In the European countries from which the slave trade was organized, information about slavery is recorded in the state archives, particularly those of the navy and customs administrations, but also of the colonial and commercial administrative bodies. Chronologically, these slave trade documents date from the time when trading posts and colonies were established along the African coasts, when the trade was first organized in France and England, at the end of the seventeenth century.

In the African countries that were victims of the trade, archives are normally preserved in those which, at the time, had a colonial or commercial administration. In West African countries, administrative archives particularly tended to be set up at the time when the slave trade was abolished, when France installed a territorial administration and when a local population was established in the British colonies.

The extent to which these collections are spread throughout the world illustrates the size of the task. Whereas archives have already been more or less identified in European countries, those in developing countries (or nations ravaged by war such as Guinea-Bissau, Liberia and Sierra Leone) still do not have search facilities in place. Several different types of document are likely to contain information on how the slave trade worked.




  • Large series of French navy registers and Naval Office "shipping lists" contain quantitative slave trade data without any precise details of the shipments themselves.

  • Descriptions of the shipments, disciplinary matters and the places where trading took place are set out in the logbooks of the ships that transported the slaves and in shipping regulations and contracts (Portuguese "regimento").

  • Official correspondence between the local colonial authorities (particularly in West Africa) and national governments describes certain incidents involving the various companies that organized the slave trade before it was abolished (England 1807, Denmark 1803, France 1815, Portugal 1839).

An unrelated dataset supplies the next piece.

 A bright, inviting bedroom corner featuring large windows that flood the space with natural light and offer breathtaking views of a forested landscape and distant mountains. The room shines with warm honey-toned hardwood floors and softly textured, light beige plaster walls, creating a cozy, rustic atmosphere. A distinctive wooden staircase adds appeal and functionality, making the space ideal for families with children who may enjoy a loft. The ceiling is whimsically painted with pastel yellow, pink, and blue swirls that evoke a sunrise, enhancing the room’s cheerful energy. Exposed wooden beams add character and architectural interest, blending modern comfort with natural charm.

  • Memoirs and accounts of journeys, full of information about the slave routes and the practices and customs of populations that were victims of slavery.

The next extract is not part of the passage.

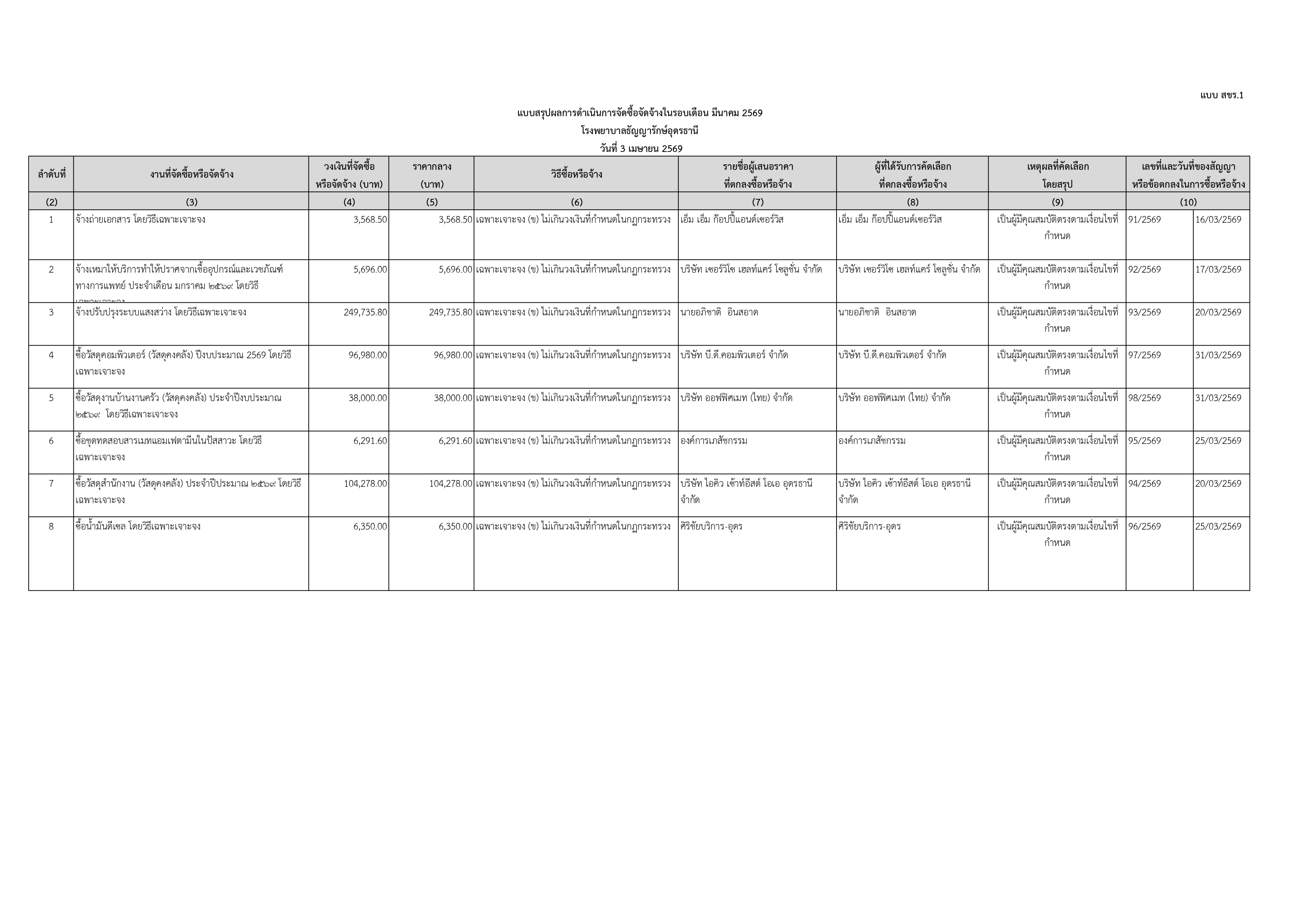 แบบสรุปผลการดาเนินการจัดซื้อจัดจ้างในรอบเดือน มีนาคม 2569

  • Legal case files preserved in court archives (difficult to pinpoint without a precise search facility).

  • Private documents: contracts for the sale of slaves, promissory notes, etc.

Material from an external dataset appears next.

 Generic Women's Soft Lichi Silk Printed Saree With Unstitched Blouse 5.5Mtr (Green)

  • Censuses of blacks in colonies, particularly in Haiti, Liberia and Sierra Leone for former slaves who were freed and stayed in the reception country. Sierra Leone’s famous Liberate African Registers contain family information concerning the slaves who were freed by the English navy and relocated to Africa.

  • The local colonial press, such as the Moniteur colonial in Santo Domingo at the start of the Revolution or the Saint-Louis newspaper in Senegal at the beginning of the nineteenth century.

  • Collections of contemporary oral archives, preserving knowledge handed down orally in accordance with African tradition, such as the Oral Traditions of Fanti States (University of Legon, Ghana, 1970-1975) or the Senegalese cultural archives collected from 1966 onwards and now kept apart from the national archives.


Slave trade archives are extremely diverse and rarely complete, apart from artificial collections. Since they are scattered so widely, compiling an overall picture is a hopeless task, although by creating a database in each state concerned, it will be possible to form a coherent network that is indispensable for researchers who will be able to participate in and benefit from local digitization projects.